This article was written by Brian Costin, and featured in the Chicago Tribune on July 25, 2014.
This is in response to “Too many governments? Downstate has the biggest share; Sparsely populated, Republican-leaning counties rail at big government while supporting lots of little ones” (News, July, 20), by Tribune reporter Bob Secter.
Secter’s article loses sight of the reality of Illinois residents suffering from too many layers of local government and, consequently, the second-highest property tax rates in the nation.
In comparing counties by a “governments per capita” metric, Secter is incorrectly gauging the “efficiency” of local government based on population density. Population-dense areas, such as Cook County, will almost always rank as more “efficient” than rural areas.

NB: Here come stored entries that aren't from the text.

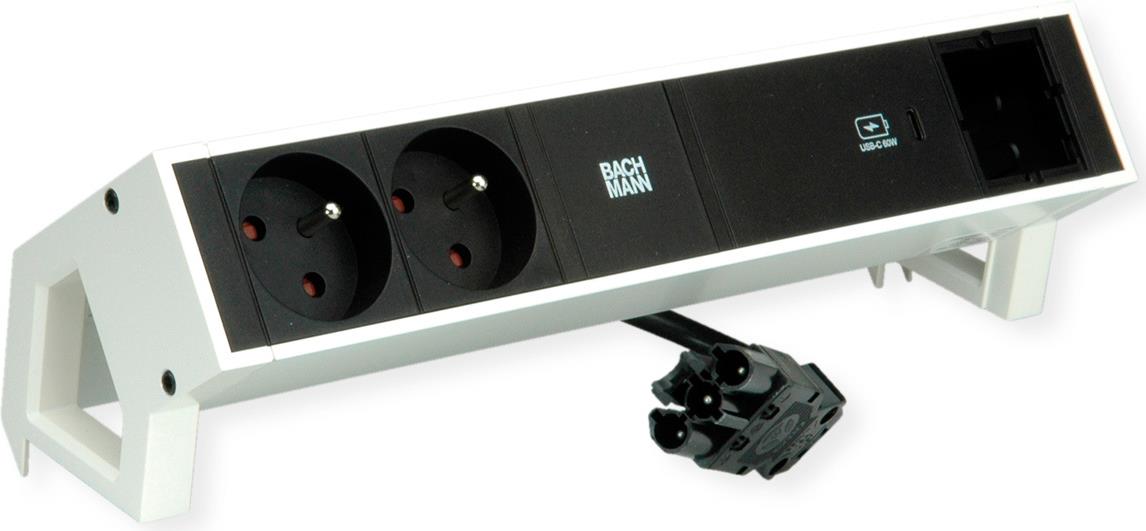 Bachmann DESK2 Steckdosenleiste Farbe weiss, ähnlich RAL9010 mit erhöhtem Berührungsschutz 2xUTE 35° Steckdosen, schwarz 1xUSB C 60W Charger 1xCustom Modul leer Zuleitung 0,2m H05VV-F3G1,5mm² schwarz mit GST18i3 Stecker inkl. Haltewinkel Logo verpackt im (902.955)
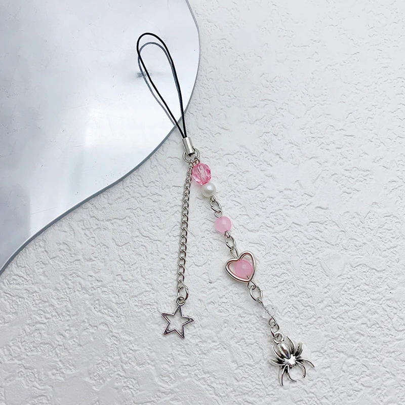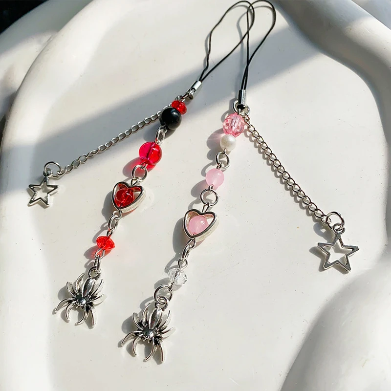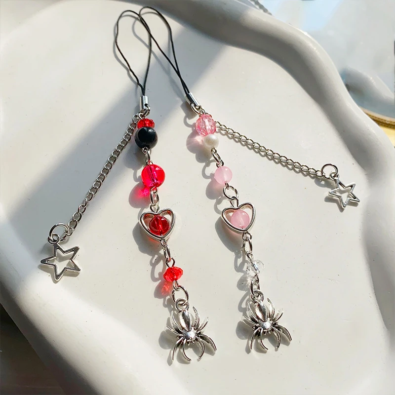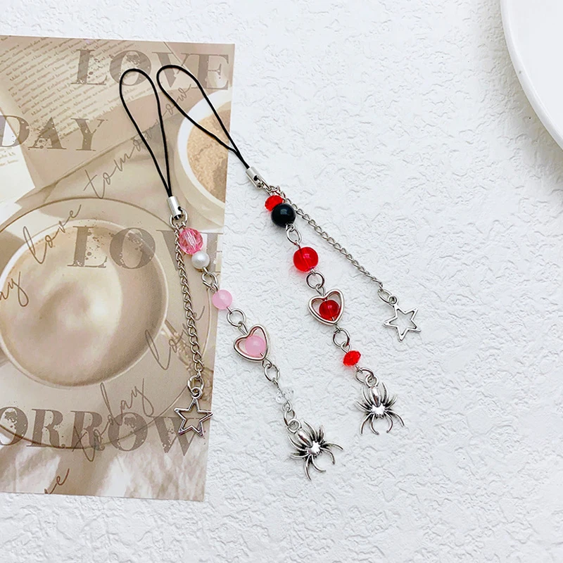 Comprar Cordón gótico Y2K con cuentas para teléfono móvil, colgante de araña creativo, cadena para teléfono, correa estética para teléfono móvil, cordón para teclado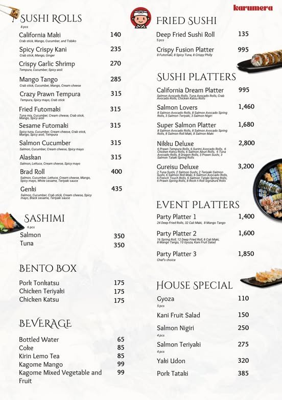 Karumera isn’t just another food spot in town — it’s a place where you can slow down, enjoy good food, and feel right at home. Whether you’re here for a quick bite or a full meal with family and friends, there’s something special waiting for you on every plate. From the cozy vibe to the rich flavors of their sushi, sashimi, and bento meals — it’s the kind of place you’ll want to visit again (and again). 🍣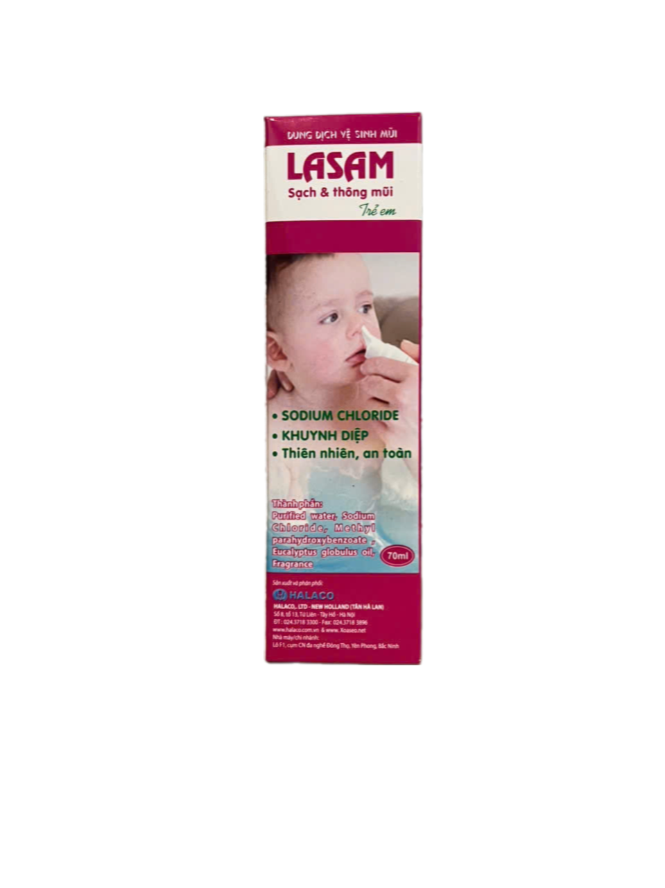 LASAM-TRẺ EM (Tinh dầu khuynh diệp, tinh dầu long não, Natri Chloride, nước tinh khiết, Nipagin, hương liệu) Chai 70ml

A far more important metric is the layers of government per citizen.
The average Illinoisan lives in an area with at least six layers of local government, including county, township, municipality, both a primary- and secondary-level school district and a community college district. The number shoots up to 16 layers when you take into account special districts such as libraries, parks, fire protection districts and more.
Secter’s article also suggests Illinois residents don’t care much about the problem of too many local governments. The truth is that Illinois state law makes it incredibly difficult for residents to do anything about it in the first place.
For example, to consolidate townships, petitioners must collect two-and-a-half times more signatures than it takes to raise a statewide constitutional referendum in one-sixth of the time, a nearly impossible task.
Secter’s poor comparison of local governments in rural and urban counties belittles Illinoisans who deserve the opportunity to reform our byzantine local-government system through consolidation.